I love polenta, and adding fresh corn to it makes it even tastier! It's such a comforting food, and I really like that any leftovers can be chilled and then fried up for breakfast the next morning. Here, creamy polenta is paired with grilled mustard chicken. I tried this recipe to give my new grill pan a spin, and I'd have to say it was not a big success. I had some bone-in, skin-on chicken from the farmer's market, and I think the meat was just too awkwardly-shaped to cook evenly in a good amount of time. The flavors were great, but next time I'd try boneless chicken and make sure it was an even thickness before trying to grill it. With that caveat, I think the combination of lemon, garlic, and mustard was a great one both with the chicken and the slightly sweet polenta.

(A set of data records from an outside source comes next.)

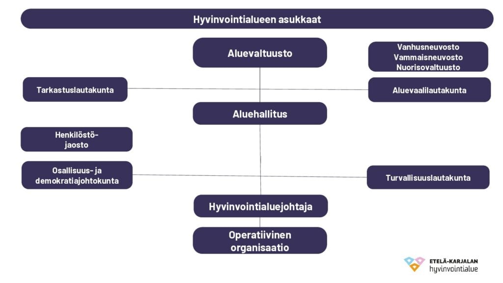 Etelä-Karjalan hyvinvointialueella ylin päätösvalta on aluevaltuustolla. Operatiivisesta johtamisesta vastaa valtuuston valitsema hyvinvointialuejohtaja.
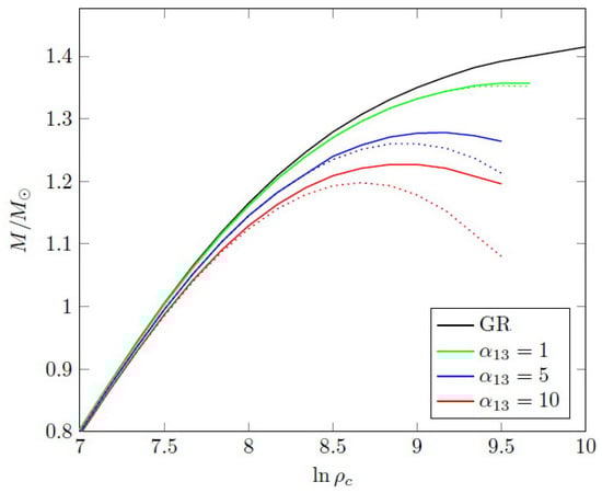 Mass–density relation in gravity for some in comparison with GR. The dotted lines correspond to results obtained with simple approximations of the scalar field; means that the value of is given in units of cm.
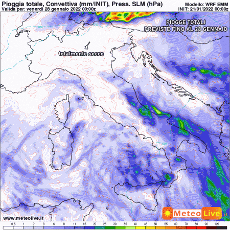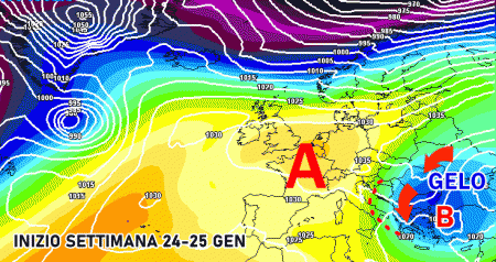 Sabato 22 gennaio: correnti molto fredde dai Balcani verso centro e sud Italia, ma con quasi totale assenza di fenomeni. Venti intensi di tramontana al centro e al sud. Temperature in calo.
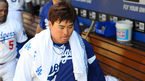 [OSEN=캘리포니아 로스앤젤레스, 민경훈 기자] 8일 새벽(이하 한국시간) 미국 캘리포니아 로스앤젤레스 다저스타디움에서 열린 LA 다저스와 피츠버그 파이어리츠와의 3차전 경기, 8회 다저스 류현진이 휴식을 취하고 있다 다저스
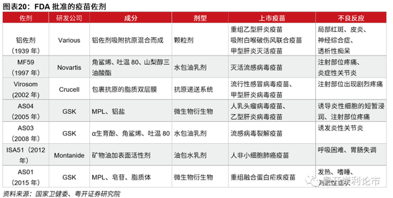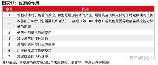 免疫佐剂可增强或调节机体免疫原性。免疫佐剂简称佐剂,为非特异性免疫增生剂,是指同抗原一起或预先注入机体内增强机体对抗原的免疫应答能力或改变免疫应答类型的辅助物质。对于疫苗而言,部分疫苗,如类毒素疫苗、亚单位疫苗将病原微生物的一部分抗原人为地纯化出来,这些抗原引起的免疫反应能够诱导机体抵御病原微生物。由于这类疫苗没有病毒核酸,无法在人体内复制,安全性较高,但缺点在于无法诱导机体产生较强的免疫反应等。因此,对于这类疫苗,往往需要一些物质来增强或调节人体免疫原性,这些物质即为佐剂。
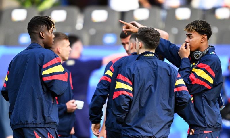 UPDATE, 21.15: Fotbaliştii celor două formaţii au inspectat suprafaţa de joc cu două ore înainte de startul partidei. La inspectarea gazonului, englezii au părut mai tensionaţi, în timp ce spaniolii au părut mai relaxaţi, în special graţie puştilor-minune din ofensivă, Nico Williams şi Lamine Yamal.
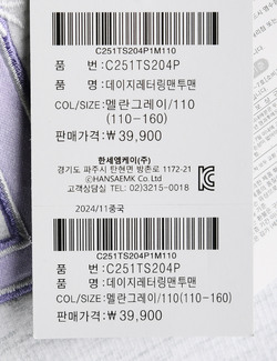 | 세탁방법 및 취급시 주의사항 | 본 세품은 손세탁 하십시오(케어라벨 참고) |
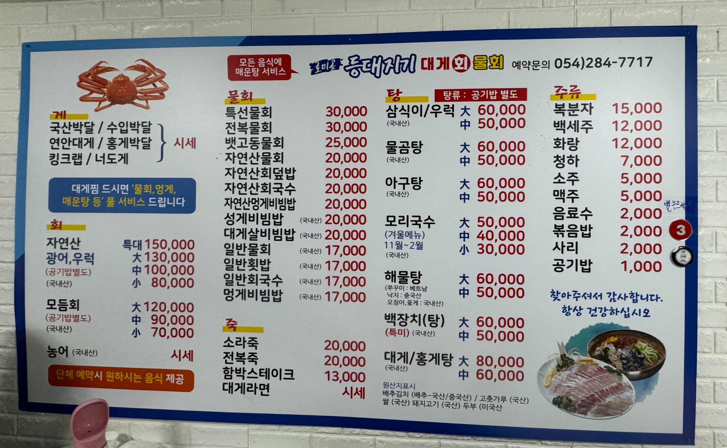 기본 회뿐만 아니라 점심에도 간단하게 먹을 수 있는 물회와 탕 종류도 있고 대게도 있어요
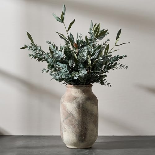 Denique Rustik keramisk blomvas, vintage, hög golvvas, bondgårdsdekor, stora vaser för vardagsrum, entré, bord, mittpunkt, dekor, terrakottavaser keramik lera vas (C-35 cm)
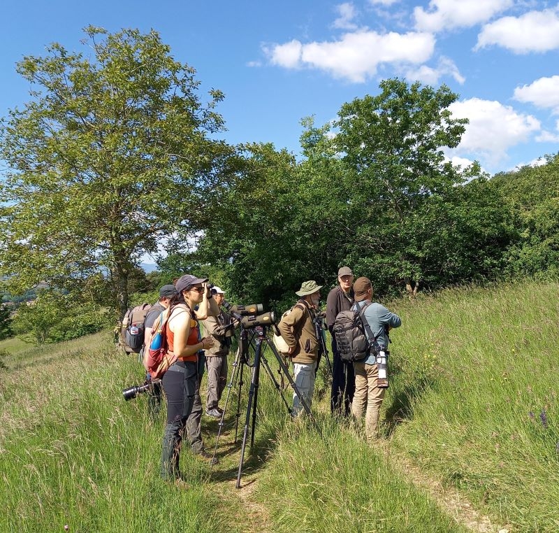 Pour notre plus grand bonheur la Huppe, attendue, espérée, rêvée, s’est manifestée très rapidement. Depuis quelques années, elle niche dans la région en profitant des trous dans les murs de pierre sèche des vignes, voire des cimetières. Un trou percé au bas d’une capite fait parfois l’affaire. Les nids occupés sont protégés par des interdictions de passage. Son chant nous accompagnera tout au long de la balade et ses allers-retours orangés provoqueront des arrêts réguliers. Hirondelles, Martinets, Buses et Milans nous survolent. Parmi les rapaces, le passage d’une Bondrée apivore a été une belle surprise

Next time, I'd just use a different cut of chicken or roast it in the oven instead of grilling.
Mustard Chicken with Fresh Corn Polenta (adapted from Bon Appetit, via Serious Eats)
2 T Dijon mustard
Juice of 1 lemon
1 garlic clove, minced
6 ounces skin-on boneless chicken breast, cut into two pieces
Salt and pepper
2-1/2 cups water
1/2 cup polenta
1/2 tsp kosher salt
1/2 tsp sugar
Corn kernels cut from 1 ear of fresh corn
1. Whisk together the mustard, lemon juice, and garlic clove. Rub onto the chicken, both under and over the skin. Season with freshly ground black pepper and a bit of salt. Marinate in the refrigerator for 6-8 hours, or use immediately.
2. Meanwhile, make the polenta. Bring the water to a boil. Add the polenta gradually, whisking constantly, until incorporated. Add the salt and sugar, return to a boil, and then reduce heat to a simmer. Cook, stirring frequently, until the polenta is creamy, about 30 minutes. Add the corn and cook a further 5 minutes. Season with freshly ground black pepper.
3. While the polenta is cooking, grill the chicken. Remove the chicken from the fridge about 15 minutes before ready to cook. Grill on a grill or grill pan drizzled with olive oil, or roast in a 400 degree oven in a small, oiled pan until cooked through.
4. Divide the polenta between two bowls, and top each with a portion of chicken.